My excel formula looks like =XPathOnUrl(K22,"//li[contains(@class,'guestRoomListItem')][1]","data-roomtypecode")

FYI- the weird thing is that the Xpath request is asking for number 2, but its pulling number 10:

=XPathOnUrl(K22,"//li[contains(@class,'guestRoomListItem')][2]","data-roomtypecode") = but I am getting ZZZD ("10")


I can share the excel file at your request

  1. XPathOnUrl($H$26,"//li[contains(@class,'guestRoomListItem')][3]","data-roomtypecode")
  2. http://www.marriott.com/hotels/hotel-rooms/nycmq-new-york-marriott-marquis/

Did you ever get an answer to this? I've been seeing issues where seotools wasn't pulling the xpath element (even when other tools with the same xpath do).

Continuing the discussion from Xpath On Url will not pull elements:

I get the code troublefree with:

=Dump(XPathOnUrl("http://www.marriott.com/hotels/hotel-rooms/nycmq-new-york-marriott-marquis/";"//*[@id=""guest-rooms-list""]/li[2]";"data-roomtypecode";;"text"))

I'm pretty sure, the problem is placed in the kind of XPath - the simpler Xpath, the higher success chances.

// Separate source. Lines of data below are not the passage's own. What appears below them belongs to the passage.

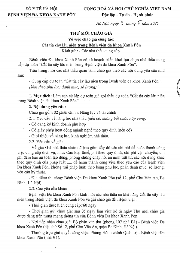 Mời chào giá cắt tỉa cây lâu niên 9-5-2025
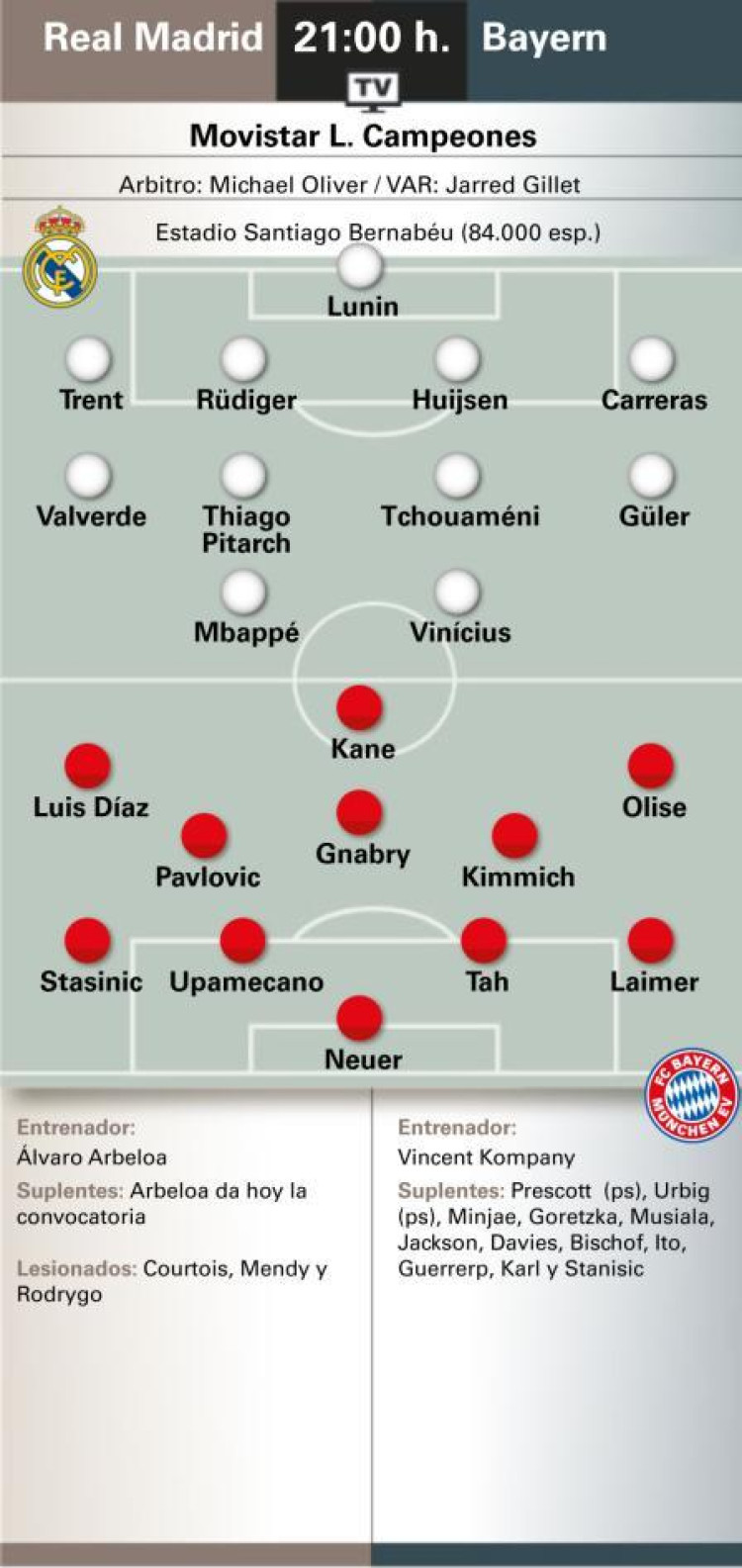 Real Madrid host Bayern Munich at the Santiago Bernabeu (21:00 CEST) for the first leg of their Champions League quarter-final on Tuesday night, with the return at the Allianz Arena on the 15th of April next week. Real Madrid manager Alvaro Arbeloa has two major doubts over his starting XI.
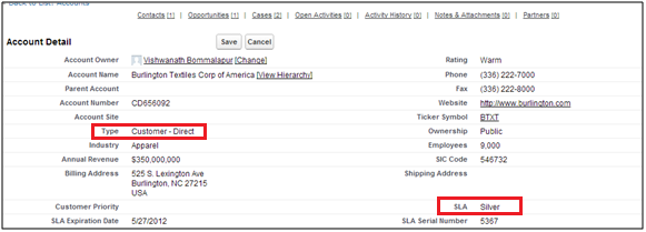 • ‘Accounts’ object in Salesforce is as shown below and the same needs to be replicated to database only when the Type is ‘Customer – Direct’ and SLA is ‘Silver’.
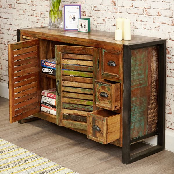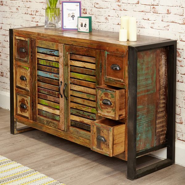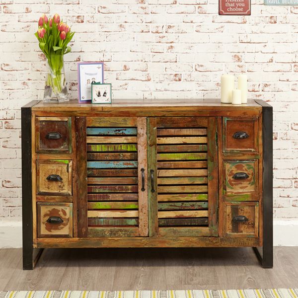 Introducing our unique contemporary 6-drawer 2-door sideboard from the exclusive Laura Chic furniture range, meticulously crafted with reclaimed wood for a sustainable and environmentally friendly design. Each piece is individually hand-finished with a blend of reclaimed timbers, ensuring its distinctiveness and character.
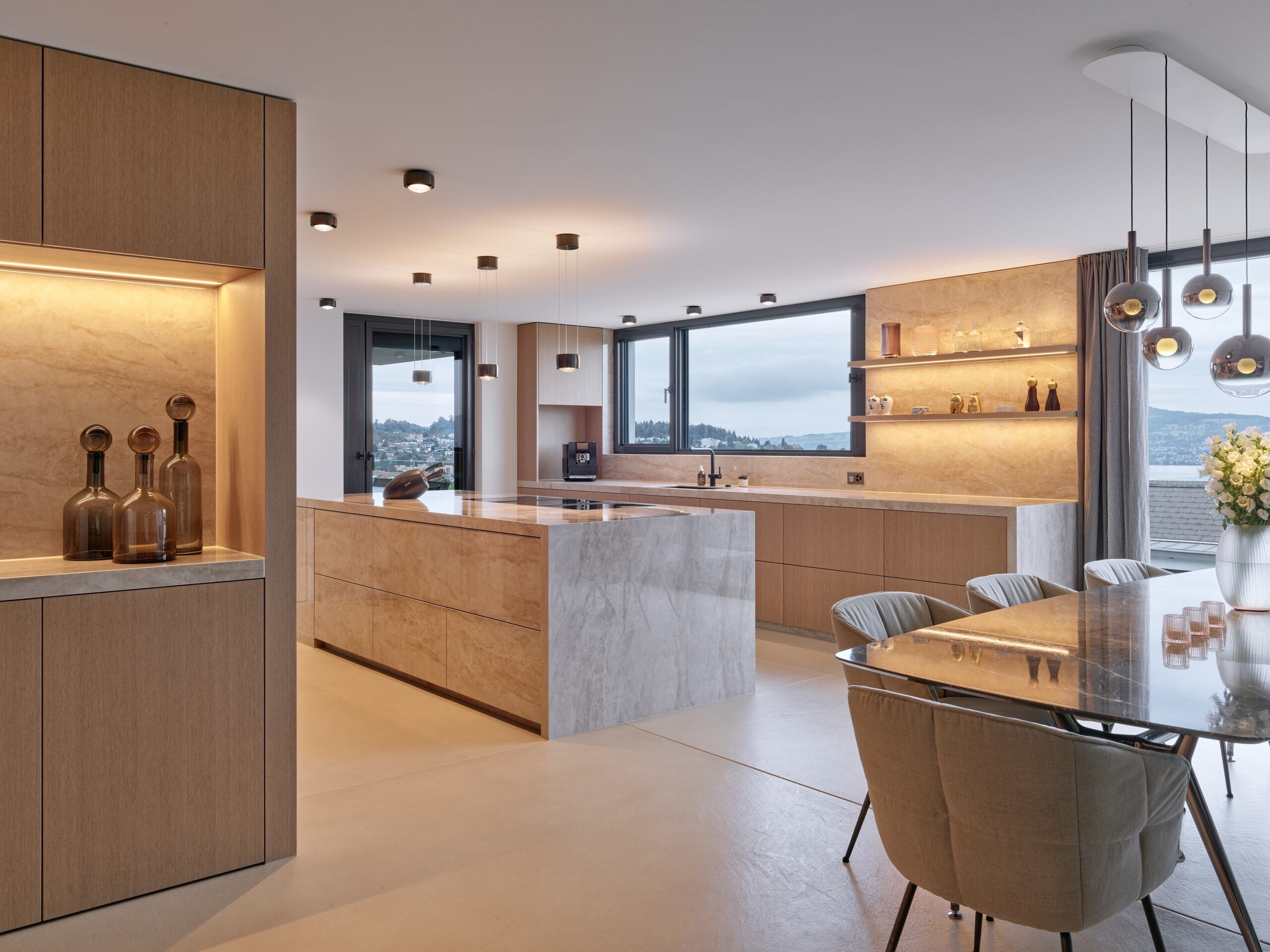 Ein elegantes Design, ausgeklügelte Details und hochwertige Materialien zeichnen diese Küche aus. Mit einer Innenarchitektin hat die Bauherrschaft ein Interior geschaffen, das sowohl einladend als auch funktionell ist.
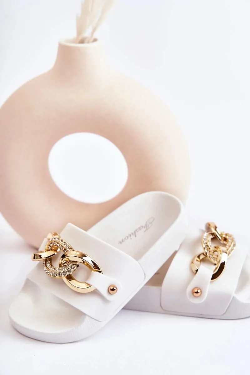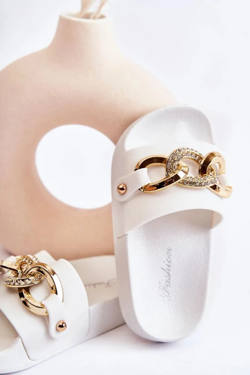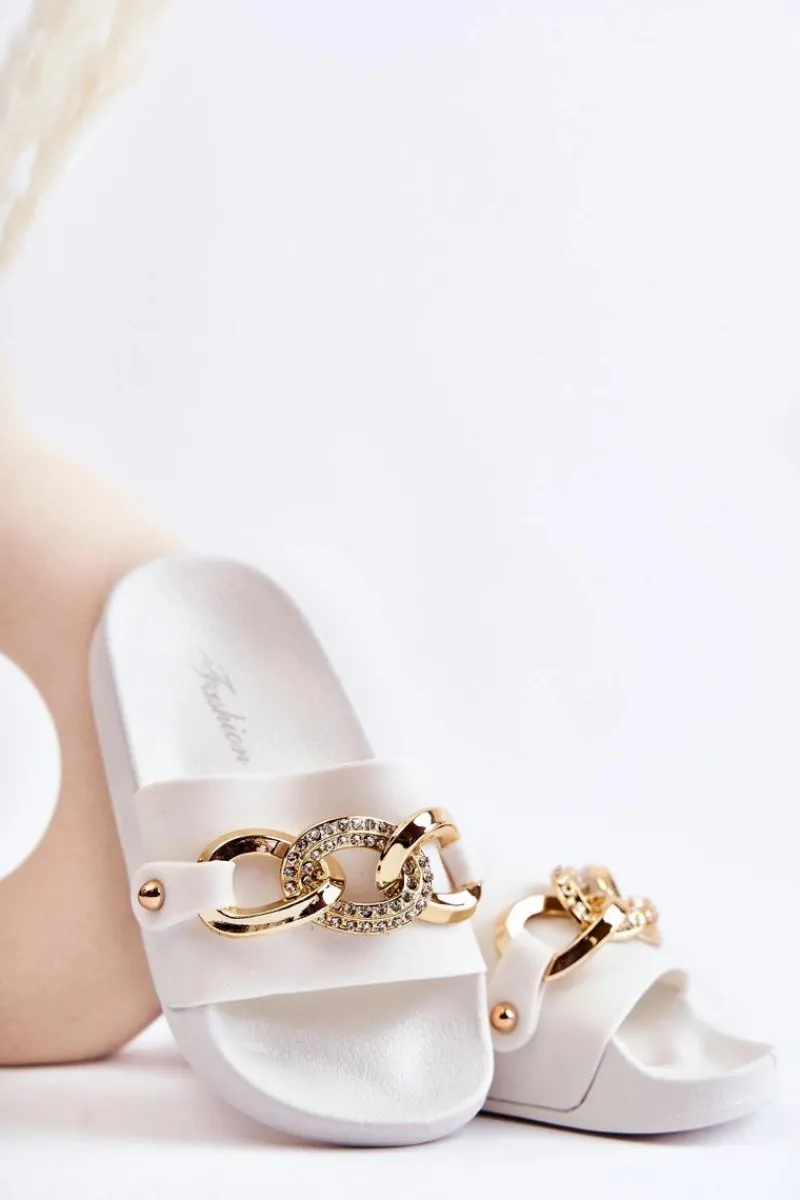 Cudowne dziecięce klapki zostały wykonane z gumowego tworzywa. Model ten posiada na przodzie ozdobny łańcuch wykonany z tworzywa sztucznego. Dodatkowo jest przyozdobiony dżetami imitującymi cyrkonie. Wkładka jest profilowana. Klapki są osadzone na platformie. Nosek odkryty, zaokrąglony. Model klasyczny, wsuwany. Twoja pociecha na pewno będzie zadowolona z tego modelu! Koniecznie sprawdź także pozostałe modele dziecięcych klapek! Przy wyborze rozmiaru prosimy sugerować się tabelą rozmiarów.

That works. Is there a reason that an xpath would work for a number of other tools but seotools can't? Is it a parsing thing?

I've been trying to scrape footer links on websites for some analysis I'm doing and the problem I have is with this page: http://motherandbabymatters.com/

What I care about is the image link at the bottom of the footer. Here's some xpaths I've used that work with other tools, but not SEOtools:

//div[@id='mtx_copyright']/a

/html/body/div[@id='wrapper']/div[@id='wrapper_container']/div[@id='footer_container']/div[@id='footer']/div[@id='mtx_copyright']/a

/html/body//div[@id='mtx_copyright']/a

//div[@id='footer_container']/div[@id='footer']/div[@id='mtx_copyright']/a

None of these seem to work with SEOtools. :unamused:

With the cited site you haven't much tries to scrape;) I was able to scrape the footer once, on the next try - no longer, because the page uses a security heuristics by www.sitelock.com and redirects suspicial user to captcha secured screen like http://easycaptures.com/3961300365

Yeah that's probably because I've been blasting it trying to find an xpath that works.

Still no luck. :frowning:

//div[@id='mtx_copyright']/a[last()]

@chilly_bang - I'm aware of the sitelock, you have to wait between requests; which just makes it more frustrating :expressionless: